*** Data Section Begins ***

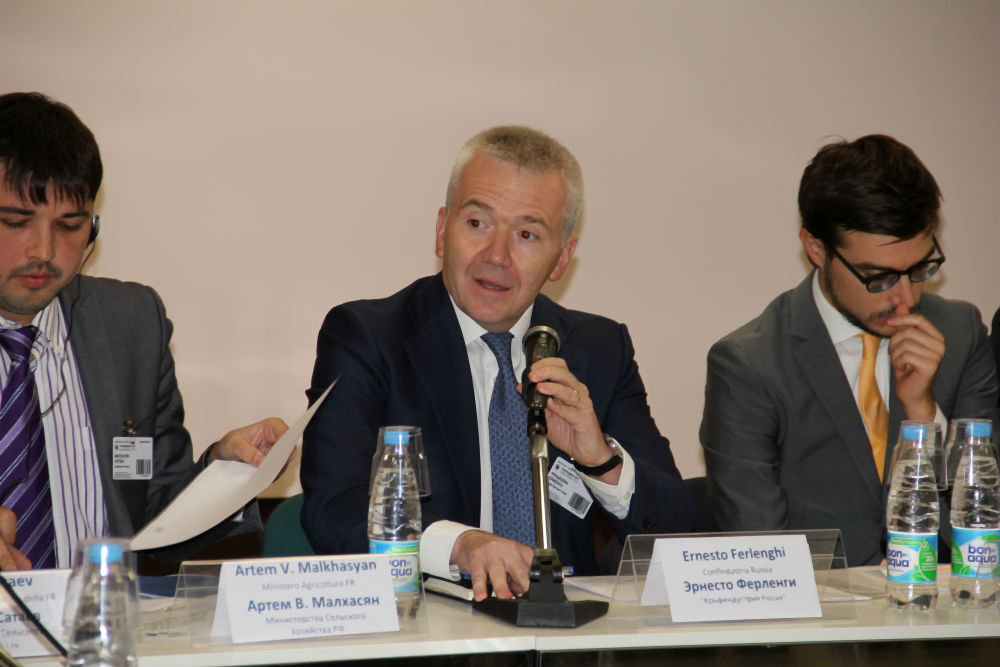 В рамках деловой программы выставки «Агропродмаш-2015» 5 октября прошёл круглый стол на тему «Сельское хозяйство и пищевая промышленность в России. Новые возможности и цели итало-российского партнёрства». Итальянцы – давние партнёры России. Они торговали с СССР ещё во времена холодной войны. Сейчас политика импортозамещения влияет на ввоз иностранных технологий в пищевую промышленность. Итальянская фирма Confindustria Russia собрала этот круглый стол, чтобы сфокусировать внимание на новых возможностях, которые предлагает российский рынок и эффективных способах преодоления существующих ограничений для передачи новых технологий российским инвесторам и предпринимателям.
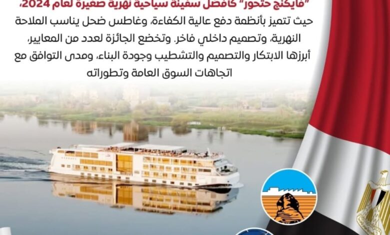 في إنجاز يعكس مساعي مصر للتميز في صناعة وبناء السفن السياحية عالميًا، سفينة “فايكنج حتحور” تفوز بجائزة أفضل سفينة سياحية نهرية صغيرة لعام 2024،
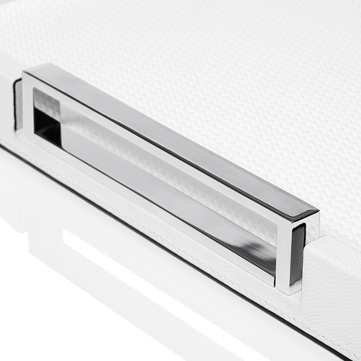 Die Tabletts "Victor" von GioBagnara bestehen aus stabilem Holz, welches mit hochwertigem Kalbsleder in reiner Handarbeit ummantelt wird. Die Stellfläche der Tabletts ist aus geflochtenem, fein strukturiertem Rindsleder. Die Ränder sind aus glattem Kalbsleder in der gleichen Farbe. Sehr handlich sind die verchromten Griffe des praktischen Serviertabletts "Victor".

*** Data Section Ends ***

Required action: Quote, exactly and only, the lines from the first line of the data above through the line containing "في إنجاز يعكس". The pictures do not belong in it.

Solution:
 В рамках деловой программы выставки «Агропродмаш-2015» 5 октября прошёл круглый стол на тему «Сельское хозяйство и пищевая промышленность в России. Новые возможности и цели итало-российского партнёрства». Итальянцы – давние партнёры России. Они торговали с СССР ещё во времена холодной войны. Сейчас политика импортозамещения влияет на ввоз иностранных технологий в пищевую промышленность. Итальянская фирма Confindustria Russia собрала этот круглый стол, чтобы сфокусировать внимание на новых возможностях, которые предлагает российский рынок и эффективных способах преодоления существующих ограничений для передачи новых технологий российским инвесторам и предпринимателям.
 في إنجاز يعكس مساعي مصر للتميز في صناعة وبناء السفن السياحية عالميًا، سفينة “فايكنج حتحور” تفوز بجائزة أفضل سفينة سياحية نهرية صغيرة لعام 2024،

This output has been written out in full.